* _Goal of the exercise_
For every record that follows, transcribe the text exactly and leave any image out.

* _Source information_
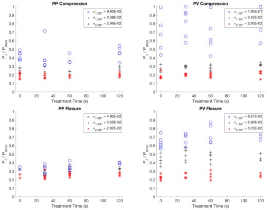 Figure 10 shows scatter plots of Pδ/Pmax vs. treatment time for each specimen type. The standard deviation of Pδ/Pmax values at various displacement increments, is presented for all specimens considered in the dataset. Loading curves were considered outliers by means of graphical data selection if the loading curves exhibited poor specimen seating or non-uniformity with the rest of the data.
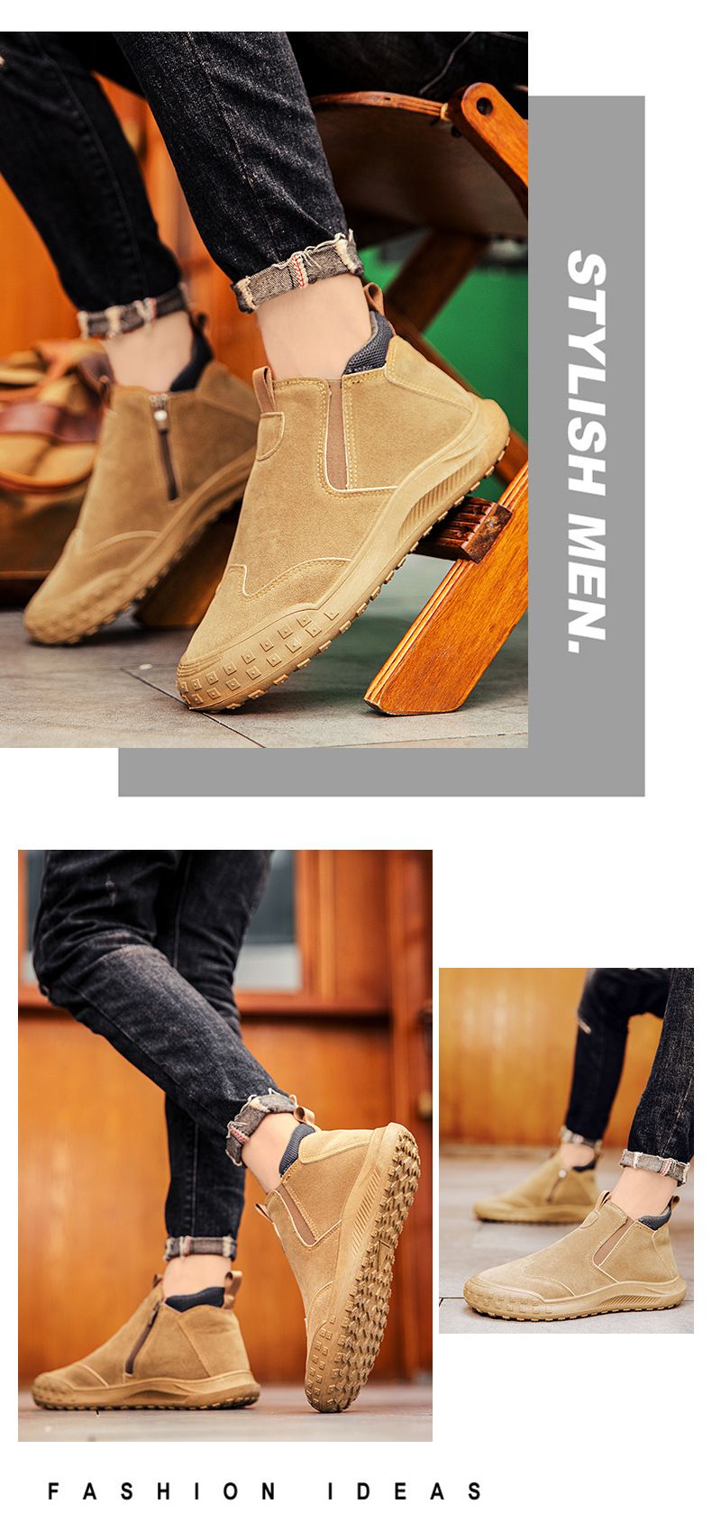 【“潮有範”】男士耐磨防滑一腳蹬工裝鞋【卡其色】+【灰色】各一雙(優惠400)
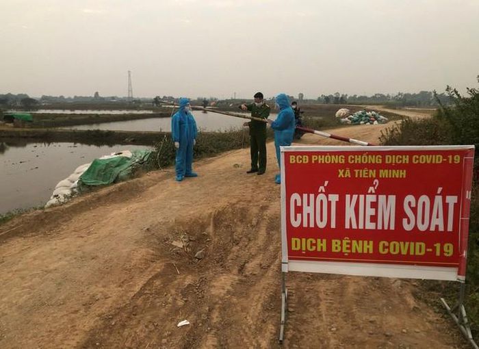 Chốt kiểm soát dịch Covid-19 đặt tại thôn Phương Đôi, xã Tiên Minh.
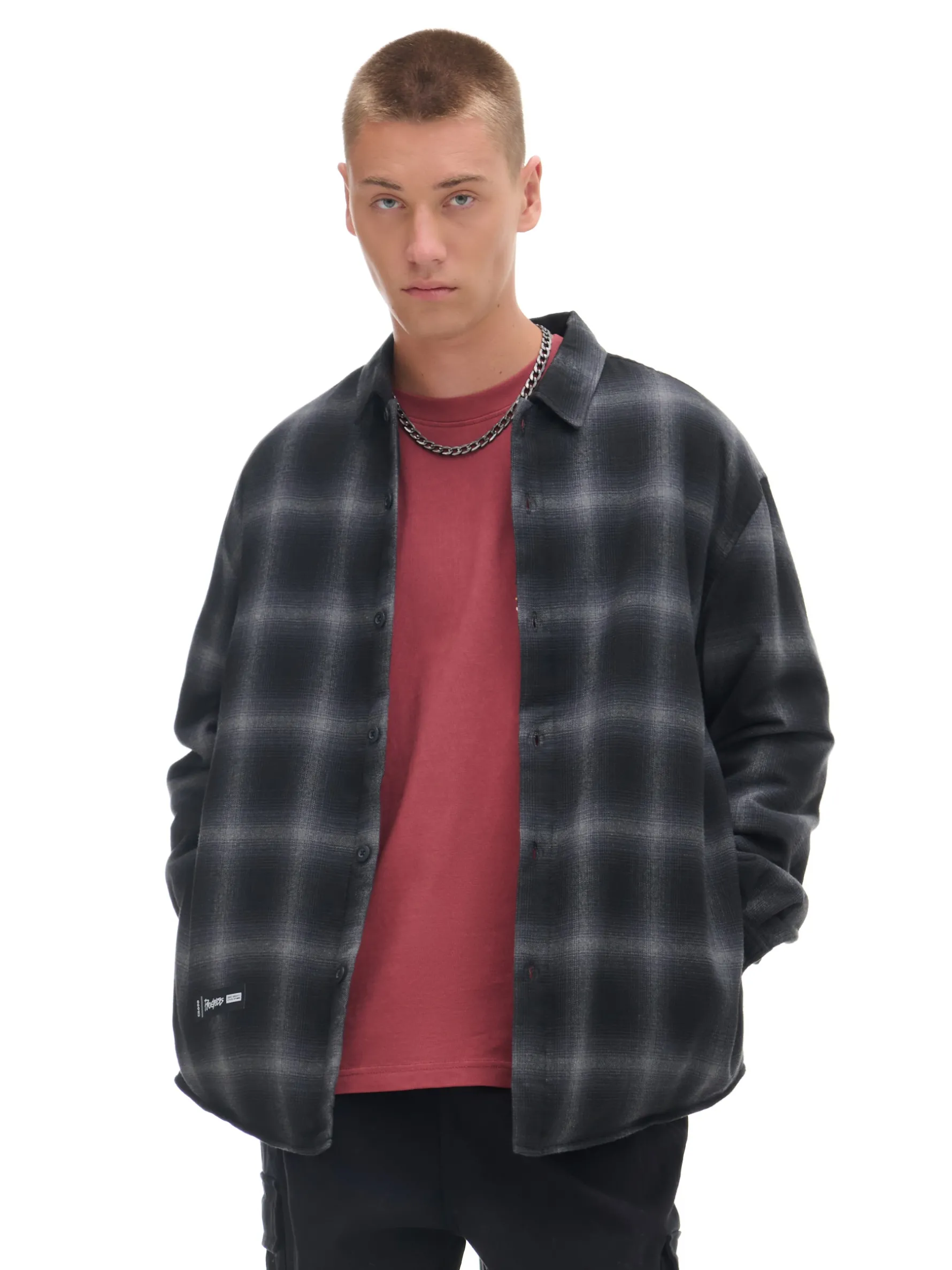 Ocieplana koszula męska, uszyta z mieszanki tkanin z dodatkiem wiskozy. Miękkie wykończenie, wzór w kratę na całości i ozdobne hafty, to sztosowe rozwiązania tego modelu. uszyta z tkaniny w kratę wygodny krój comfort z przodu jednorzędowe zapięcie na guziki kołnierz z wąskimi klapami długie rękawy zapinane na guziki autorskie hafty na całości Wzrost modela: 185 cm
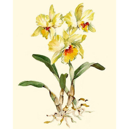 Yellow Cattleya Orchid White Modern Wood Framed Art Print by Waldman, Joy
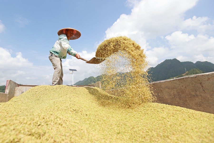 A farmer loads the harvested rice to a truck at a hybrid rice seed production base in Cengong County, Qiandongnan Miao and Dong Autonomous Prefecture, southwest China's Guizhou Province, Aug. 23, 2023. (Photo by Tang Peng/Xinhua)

* _Solution to this problem_
 Figure 10 shows scatter plots of Pδ/Pmax vs. treatment time for each specimen type. The standard deviation of Pδ/Pmax values at various displacement increments, is presented for all specimens considered in the dataset. Loading curves were considered outliers by means of graphical data selection if the loading curves exhibited poor specimen seating or non-uniformity with the rest of the data.
 【“潮有範”】男士耐磨防滑一腳蹬工裝鞋【卡其色】+【灰色】各一雙(優惠400)
 Chốt kiểm soát dịch Covid-19 đặt tại thôn Phương Đôi, xã Tiên Minh.
 Ocieplana koszula męska, uszyta z mieszanki tkanin z dodatkiem wiskozy. Miękkie wykończenie, wzór w kratę na całości i ozdobne hafty, to sztosowe rozwiązania tego modelu. uszyta z tkaniny w kratę wygodny krój comfort z przodu jednorzędowe zapięcie na guziki kołnierz z wąskimi klapami długie rękawy zapinane na guziki autorskie hafty na całości Wzrost modela: 185 cm
 Yellow Cattleya Orchid White Modern Wood Framed Art Print by Waldman, Joy
 A farmer loads the harvested rice to a truck at a hybrid rice seed production base in Cengong County, Qiandongnan Miao and Dong Autonomous Prefecture, southwest China's Guizhou Province, Aug. 23, 2023. (Photo by Tang Peng/Xinhua)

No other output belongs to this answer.